Gregory J. Heym
Executive Vice President, Chief Economist
By JOSH BARBANEL
Sale prices for Manhattan apartments fell in the last quarter of 2006, while the pace of sales was reported to be strong and the backlog of unsold apartments fell, according to several market studies released yesterday by large real estate brokerage firms.
The new quarterly numbers led brokers and market analysts to conclude that the Manhattan real estate market — with its legendary high prices — appeared to have so far escaped the worst of the real estate market excesses, like large price cuts by developers, reported across the country.
“It shows us that we hit the soft landing that a lot of people were hoping for,” said Gregory J. Heym, an economist who prepared market studies for two brokerage firms, Brown Harris Stevens and Halstead Property.
The new figures were also reported in a series of competitive and sometimes contradictory studies. One report, released by Prudential Douglas Elliman, reported a 5 percent decline in the average apartment sale price, compared with the previous quarter, while one by the Corcoran Group put the decline at 1.5 percent. Both put the average sale price for all apartments at more than $1.2 million.
A third study by Mr. Heym showed that average apartment prices actually increased by 5 percent from the prior quarter. But even this study showed weakness in the market. It found that prices for co-ops, the older apartments that make up most of Manhattan’s residential real estate, declined by 5 percent, with these declines offset by increased sale prices for condominiums. He said more than half the sales were in new luxury buildings that command premium prices.
Yet what heartened many market watchers was the market’s overall stability, and the rising sales, according to the Prudential report, in what is traditionally a weak quarter. Average prices were higher last quarter than they were in the same quarter a year ago. For all of 2006, average prices were also higher than the previous year, which included the peak quarters of the recent real estate boom.

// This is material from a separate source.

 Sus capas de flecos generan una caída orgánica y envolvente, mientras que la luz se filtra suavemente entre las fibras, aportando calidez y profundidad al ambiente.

At the end of December, the Prudential report found that the backlog of unsold apartments had dropped to 5,934 from 7,623, a decline of 22 percent and slightly below the inventory reported a year before, as apartments were sold and overpriced apartments were taken off the market.
At the same time, the Prudential report tracked 2,441 sales in the last quarter of 2006, an increase of 15.5 percent from the prior quarter and a 55 percent increase from the fourth quarter of 2005.

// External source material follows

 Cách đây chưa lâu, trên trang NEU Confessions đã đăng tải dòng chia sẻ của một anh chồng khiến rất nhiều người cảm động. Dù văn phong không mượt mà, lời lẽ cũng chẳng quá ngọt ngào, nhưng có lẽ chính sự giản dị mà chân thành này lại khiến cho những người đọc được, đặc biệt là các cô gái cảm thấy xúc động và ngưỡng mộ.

Jonathan J. Miller, an appraiser and president of Miller Samuel Inc., prepared the Prudential report. He said some of the increase in sales might be exaggerated because of improved reporting by New York City, which last summer began providing sales information for previously undisclosed co-op sales. But he said that the increase in reported sales was the largest he had seen in several years, especially in the fourth quarter when sales typically decline an average of 8 percent.
But he said that he believed the market was strengthening and that it was now “just barely” a buyer’s market, but one in which buyers were frustrated because sellers were not making significant concessions. He found that the average discount from the final asking price for an apartment fell to 2.8 percent from 4 percent in the previous quarter.

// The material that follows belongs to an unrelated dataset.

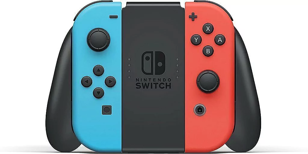O console Nintendo Switch Azul e Vermelho é um dispositivo de jogos híbrido que pode ser jogado em modo portátil, mesa ou TV. Ele vem com um par de Joy-Cons, um controlador destacável que pode ser usado por uma ou duas pessoas, e apresenta um design de cores vibrantes em azul e vermelho.

Pamela Liebman, president of the Corcoran Group, said that sellers are now generally pricing their apartments realistically, and that with the economy strong and Wall Street bonuses high, “the psychology of the market is very positive.”
“The big story here is the story that never happened,” she said. “The story was supposed to be that prices would crash in 2006, and a strong buyer’s market will emerge. Buyers can certainly pick and choose, but those who think they are going to have a field day out there right now are mistaken.”
Ms. Liebman said the fear of a price collapse caused by a construction boom has not been borne out so far, and the outlook remained good for this year. She said several thousand planned condominiums have instead been turned into hotels and office buildings, as hotel profits and office rentals have risen.
The trends in the Manhattan real estate market have always been something of a puzzle, since the average and median prices tend to move up and down with the changing mix of large and small apartments and of apartments in old and new buildings.
In addition, the various market studies augment public records of sales with private databases compiled by brokers and appraisers of recent closings that have not yet been reported by the city.
New building sales also distort the data, since sales often close up to a year or more after they go to contract. Ms. Liebman predicted that average sale prices would rise next year as contracts already signed at new expensive luxury buildings with multiple sales of more than $10 million, like 15 Central Park West and the Plaza on Fifth Avenue, are completed.
Several reports showed significant price increases in very large apartments with four or more bedrooms and in studios. The reports generally showed the largest increases in very large apartments with four or more bedrooms, with declines in average prices for two-bedroom apartments, which still averaged above $1.5 million per apartment.
Overall, 2006 ended with an average price increase of 6 percent over the previous year’s sales, Mr. Miller said, while the median went up by 11 percent.
Mr. Heym, the economist at Halstead and Brown Harris Stevens, attributed the continued strength of the market to the local economy, which he said has produced more jobs last year than in any year since the 2000 boom, and that interest rates that have remained low. Mr. Heym said, “2006 turned out to be a really good year, much better than people thought.”